According to Income Tax Circular No. 1 of 2025-26 issued by the FBR, the tax rate on profit from debt—earned through deposits in banking companies, financial institutions, and government securities (excluding individuals earning profit from government securities)—has been raised from 15% to 20%. However, tax rates on profit from National Saving Schemes, Post Office Savings Accounts, and similar instruments remain unchanged.

The FBR clarified that this revision aligns with amendments made to Division IA of Part III of the First Schedule of the Income Tax Ordinance, 2001. Previously, under the Tenth Schedule, non-filers were subject to a 35% tax rate on profit from debt. This specific entry has now been omitted.

Instead, a blanket policy now mandates a 100% higher tax rate for non-filers compared to standard rates.
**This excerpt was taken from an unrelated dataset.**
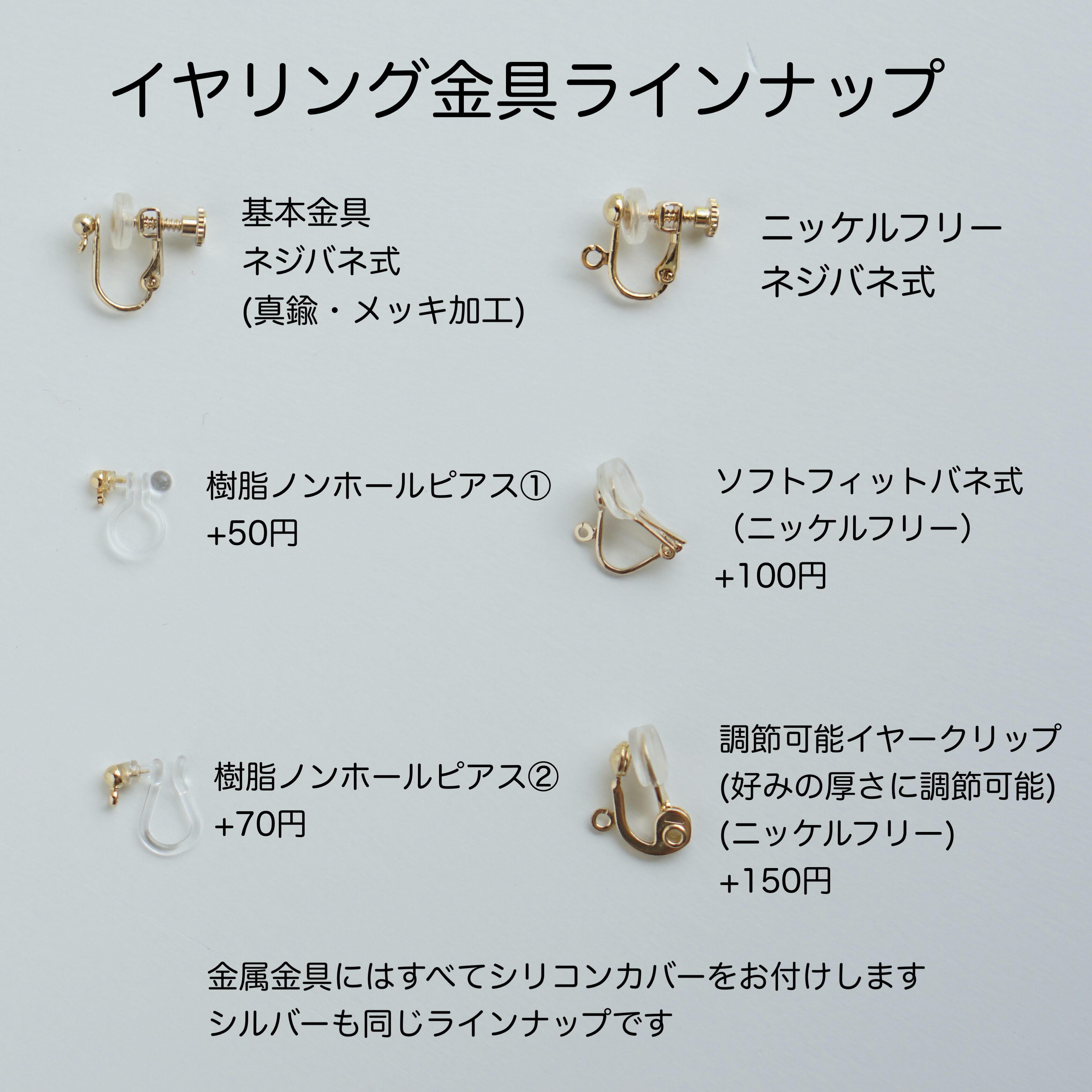 貼り付けタイプの金具は基本的にニッケルフリーのものですが、ノンホールタイプ(+50円)や調節可能イヤークリップ(+150円)、ソフトフィットバネ式(+100円)にも変更可能です。
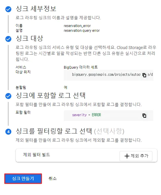 (7) ‘싱크에 포함할 로그 선택’ 창은 빅쿼리와 같은 클라우드 스토리지에 로그를 전송할 때, 어떤 종류의 로그를 저장할 것인지 결정할 수 있습니다.

This means non-filers earning income from bank deposits or similar sources will now face significantly steeper deductions.

The FBR emphasized that this move is aimed at compelling non-filers to join the tax net and improve documentation of the economy. By increasing the financial burden on non-filers, the FBR hopes to drive higher compliance and revenue generation for the state.